25 OPTIMAL TAXATION (CONT.) However, the choice of tax rates must be considered together with the allocation of resources to ensure compliance. These considerations together with distributional concerns lead to a complicated exercise in the theory of optimal taxation.
26 FURTHER PROBLEMS FOR OPTIMAL TAX THEORY Many would argue that tax evasion is morally objectionable. This raises doubts about the welfarist framework of optimal tax analysis. Judgements concerning the fairness of income redistribution may relate both to the outcome of the redistribution process and to its moral acceptability.

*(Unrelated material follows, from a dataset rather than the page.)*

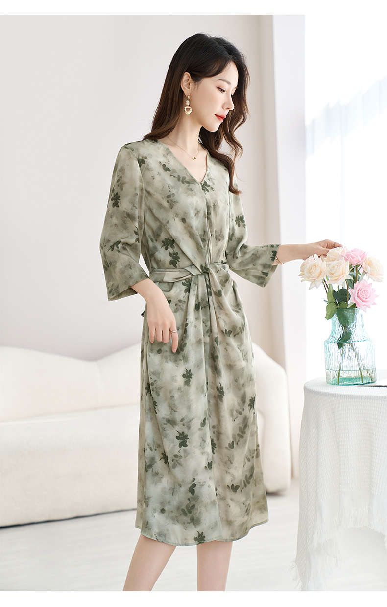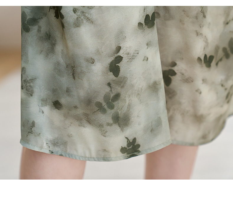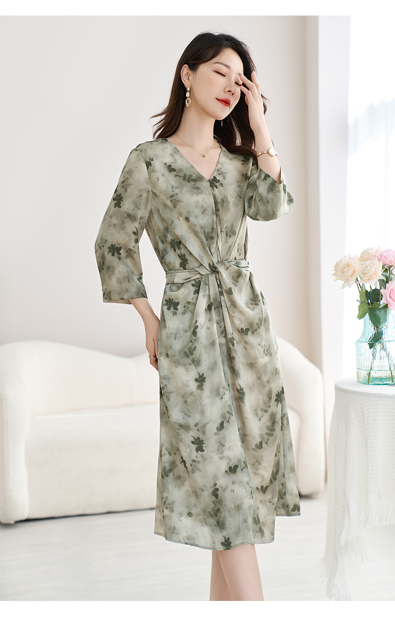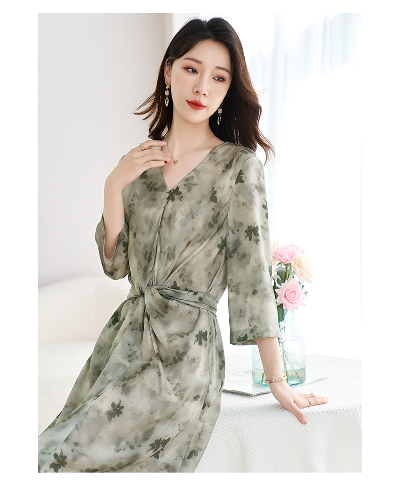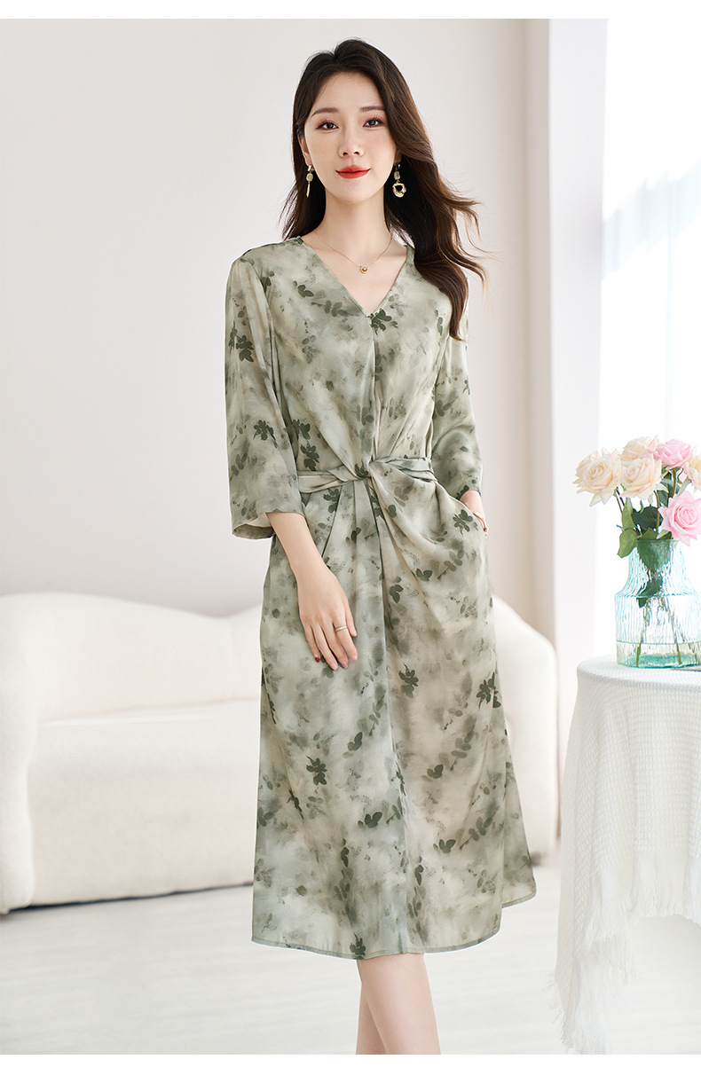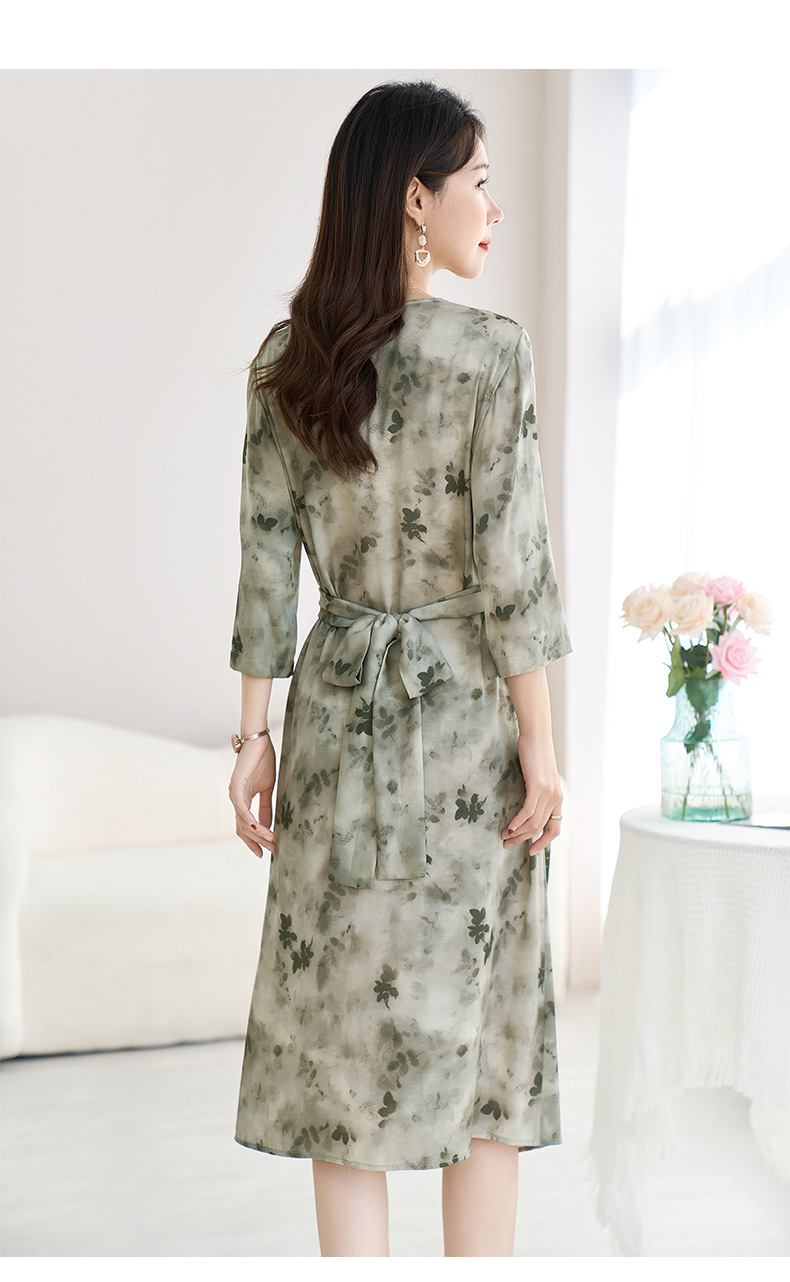QS-82598850【细腻柔滑】夏季丝粘弹力缎印花中长裙21.9%桑蚕丝连衣裙女8850

27 INTERNATIONAL DIMENSIONS In recent decades the emergence of tax havens has become important for the understanding of tax evasion, particularly related to capital income (Schjelderup et al. 2009). This has implications for national and international distribution of income as well as international efficiency of resource allocation.
28 THE TAX ADMINISTRATION PERSPECTIVE In the public finance literature the costs of taxation have mostly been related to the costs of price distortions while administrative costs have been neglected. The theory of tax evasion can be seen as an attempt to include these costs, thereby contributing to a more balanced assessment of the social costs of taxation (Slemrod).
29 THE WELFARE STATE Tax evasion makes it more difficult to target instruments to objectives in welfare state policy. E.g., widespread income tax evasion makes the progressive income tax less effective as an instrument of redistribution. Tax evasion may also reduce the social legitimacy of the welfare state if some citizens are perceived as escaping from paying their fair share.